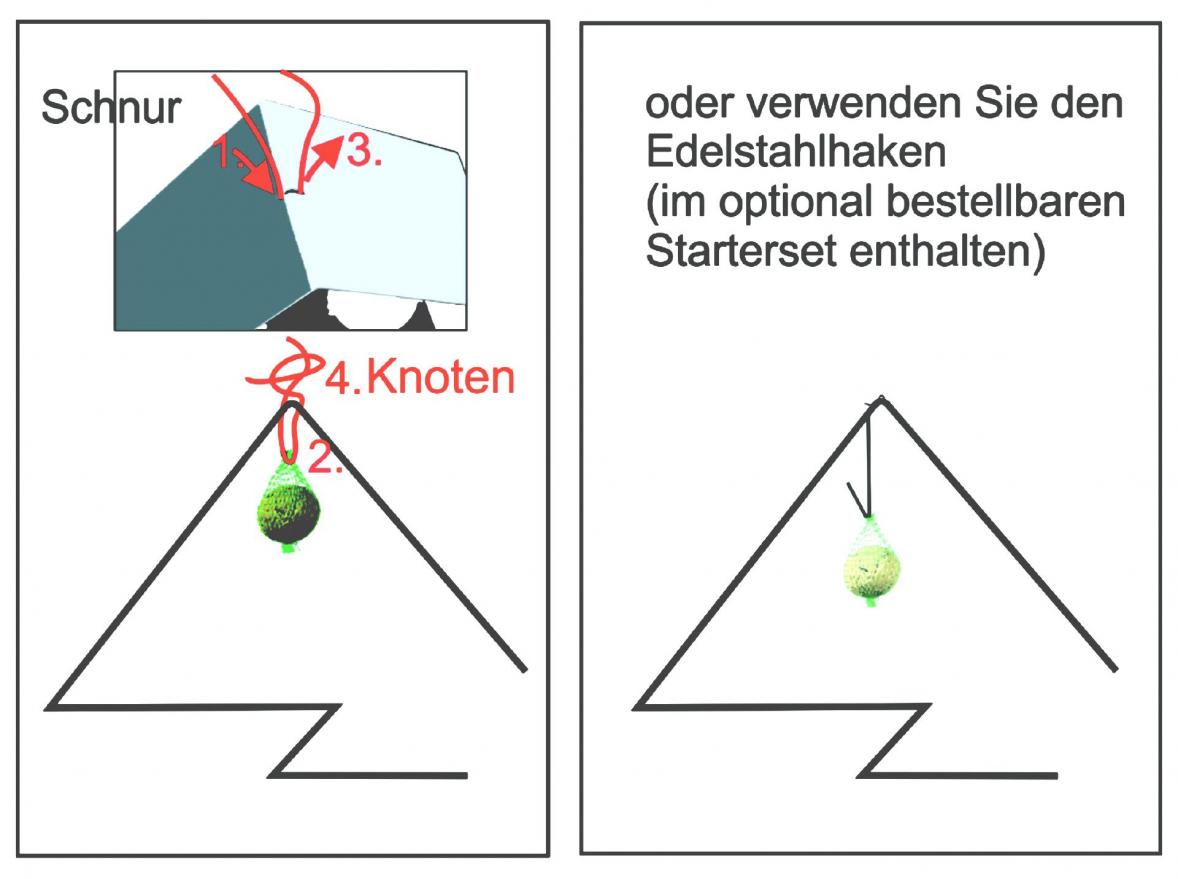 Mittig lässt sich ein Meisenknödel einhängen. Dafür sind im Dachbereich zwei kleine Aussparungen. Verwenden Sie dazu eine dünne Schnur oder den Edelstahlhaken, der dem optional erhältlichen Starterset beiliegt.
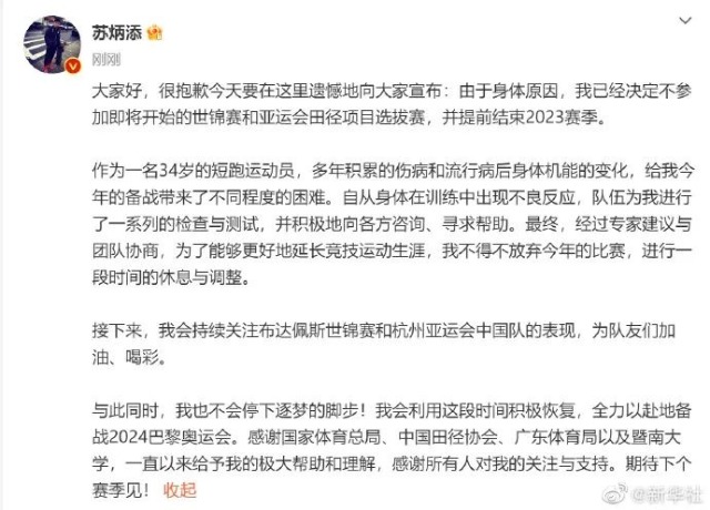 6月12日,@蘇炳添 微博宣布,由于身體原因,已經決定不參加即將開始的田徑世錦賽和亞運會田徑項目選拔賽,并提前結束2023賽季。蘇炳添說,會利用這段時間積極恢復,全力以赴地備戰2024巴黎奧運會。
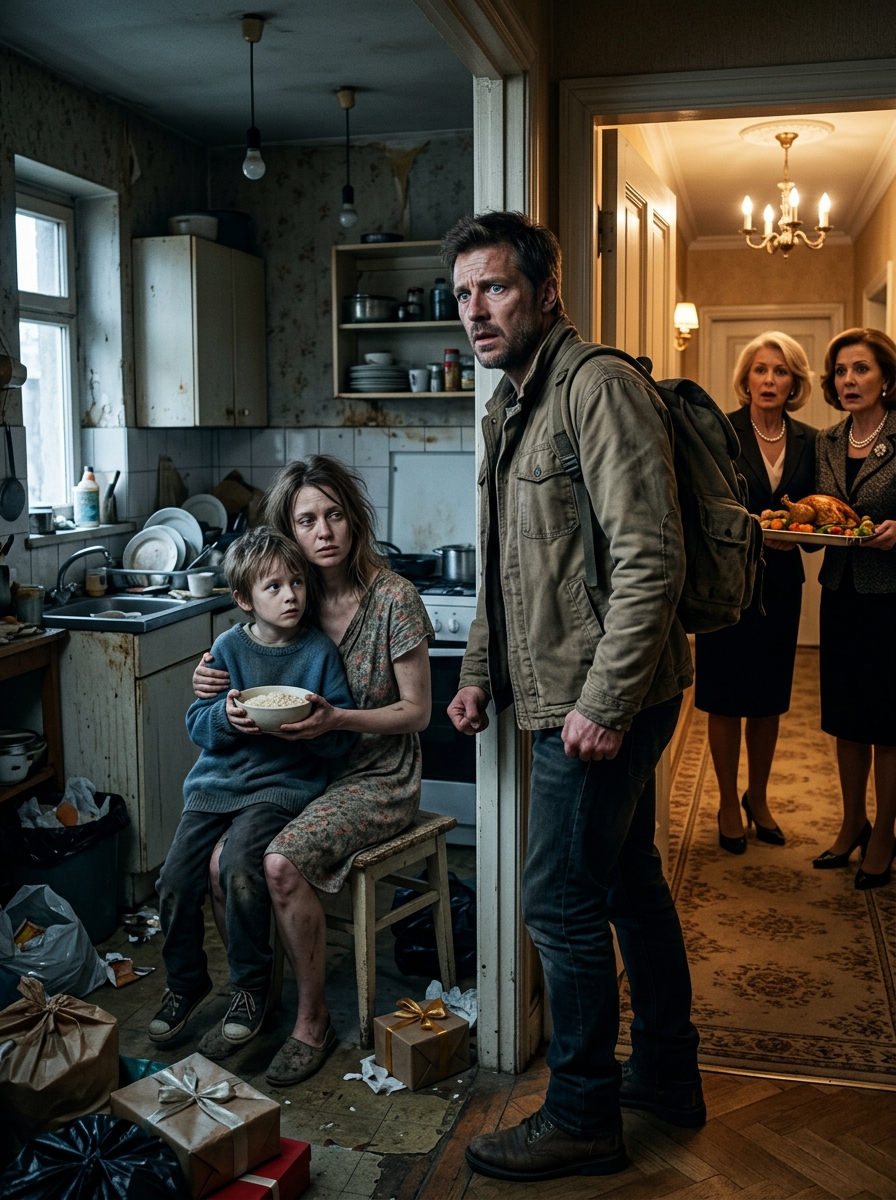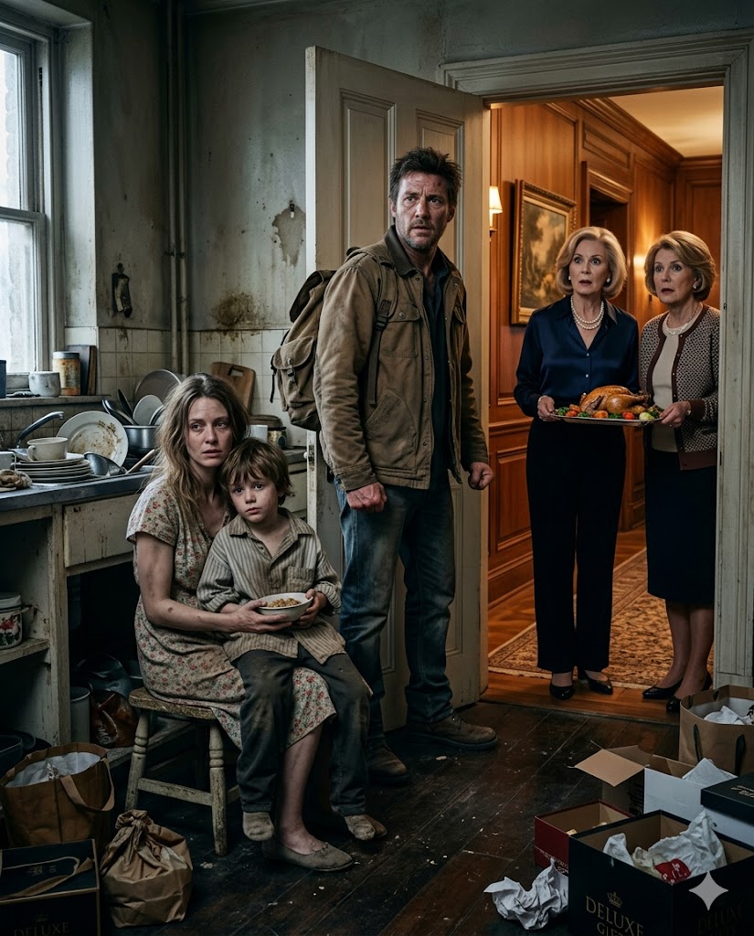 Your mother steps into the doorway behind her, still wearing pearls, still carrying that polished hostess posture she must have perfected over five years of spending your money like it came from nowhere instead of your sacrifice. For a full second, nobody speaks. Then Leo looks up from the cracked plastic plate in his lap, sees you in the doorway, and goes completely still.

# TASK DESCRIPTION
Print the data exactly, from its first line to the line containing "6月12日,@蘇炳添 微博宣", both included. Omit the pictures.

# TASK RESPONSE
 Mittig lässt sich ein Meisenknödel einhängen. Dafür sind im Dachbereich zwei kleine Aussparungen. Verwenden Sie dazu eine dünne Schnur oder den Edelstahlhaken, der dem optional erhältlichen Starterset beiliegt.
 6月12日,@蘇炳添 微博宣布,由于身體原因,已經決定不參加即將開始的田徑世錦賽和亞運會田徑項目選拔賽,并提前結束2023賽季。蘇炳添說,會利用這段時間積極恢復,全力以赴地備戰2024巴黎奧運會。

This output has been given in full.